Я сидел в шезлонге – в двух шагах от своего загородного дома, под большим, дающим густую тень ореховым деревом. В последнее время я почти всегда здесь сижу. Отсюда виден океан, всегда пустынный, сколько на него ни смотри. Но согласно китайской философии, у меня наступил созерцательный период жизни, и я смотрю. Рядом лагуна, куда я несколько раз в день хожу освежиться или, для разнообразия, половить рыбу или раков. Было утро. Солнце еще не показалось из-за горы Святого Георга, так что эта сторона острова оставалась пока в приятной тени. Потом солнце начнет нестерпимо жарить, и я перейду в дом. Там у меня все удобства: диван-кровать, охлажденные напитки, мух женщины повыгоняют.

Некоторое время я смотрел вслед удаляющемуся Майклу-Миньке, командующему гвардией и начальнику службы моей безопасности, ближайшему сподвижнику и конфиденту, – с некоторой грустью. Скоро он меня предаст... Я это знаю. Но что-то уже сегодня, в нашем с ним разговоре, подсказало мне, что произойдет все очень скоро. Как он говорил со мной... Дерзил с невинным видом. Раньше он не позволял себе такого, хотя и раньше всегда был себе на уме. Двадцать лет живу с таким чувством, что я его где-то видел. Но где я мог его видеть? Бред. Что-то он уже пронюхал, о чем еще неизвестно мне, – о чем говорят в народе. По роду своей деятельности служба безопасности монарха всегда ближе к народу, чем к самому монарху, и от нее всего ждать можно. Если не сможет подавить, может возглавить... Знает, собака, но молчит! И не знаешь, что делать, когда точно знаешь, что человек замышляет предательство. Особенно – такой влиятельный человек. Дать ему еще один орден? Но их у него и так – не на чем носить. Демонстративно ходит голый. Это, видите ли, их национальный обычай! Мы в академиях не обучались!.. Дурак я, – зря я ему все эти годы открывал душу и черт знает чего наговорил за двадцать лет. Он обо мне много знает. Таких раньше мочили, чтобы не разглашали, но теперь нельзя, могут не так понять. Или я стал излишне подозрительным? Но что делать – что-то творится вокруг меня. И я догадываюсь – что, но ничего не могу поделать. А я так надеялся на Майкла, он всем обязан мне в своей карьере.
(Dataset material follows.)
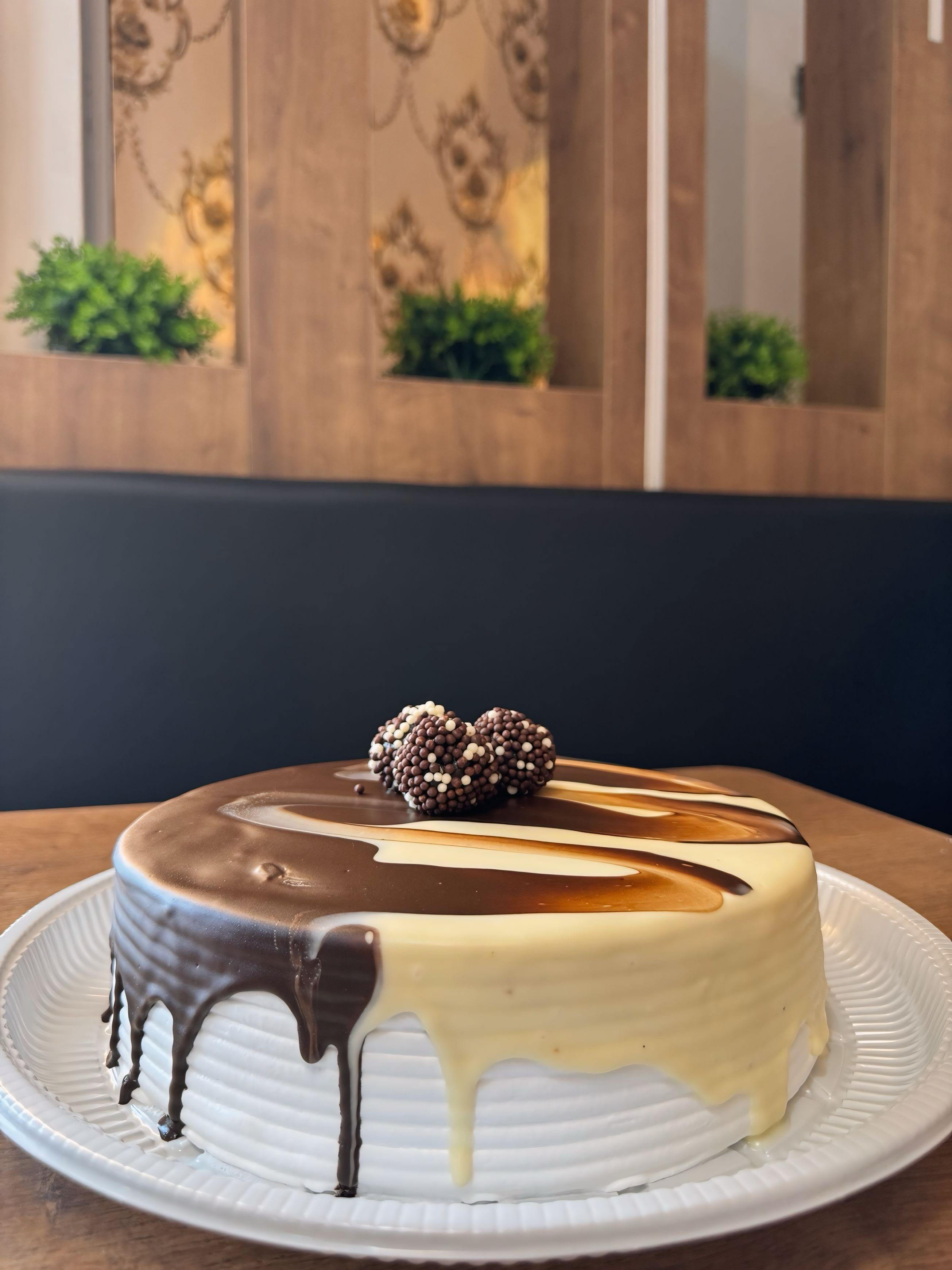 Massa: Pão de ló branco Recheio: Brigadeiro de ninho Decoração: Ganache branco com brigadeiro de ninho

Эх, Миня... Но еще посмотрим, может быть, ты рано вылез из окопа. Я ведь тоже не лыком шит и тоже кое о чем догадываюсь из его личной жизни – о чем говорят в народе. Например, о том, что двадцать лет назад он отрубил половой член туземцу (как потом оказалось, чистокровному ирландцу) вовсе не из принципиальных соображений, а потому что тот прохиндей был его соперником в любовных похождениях. Воспользовался моим плохим знанием местных обычаев и языка. Но я теперь язык знаю.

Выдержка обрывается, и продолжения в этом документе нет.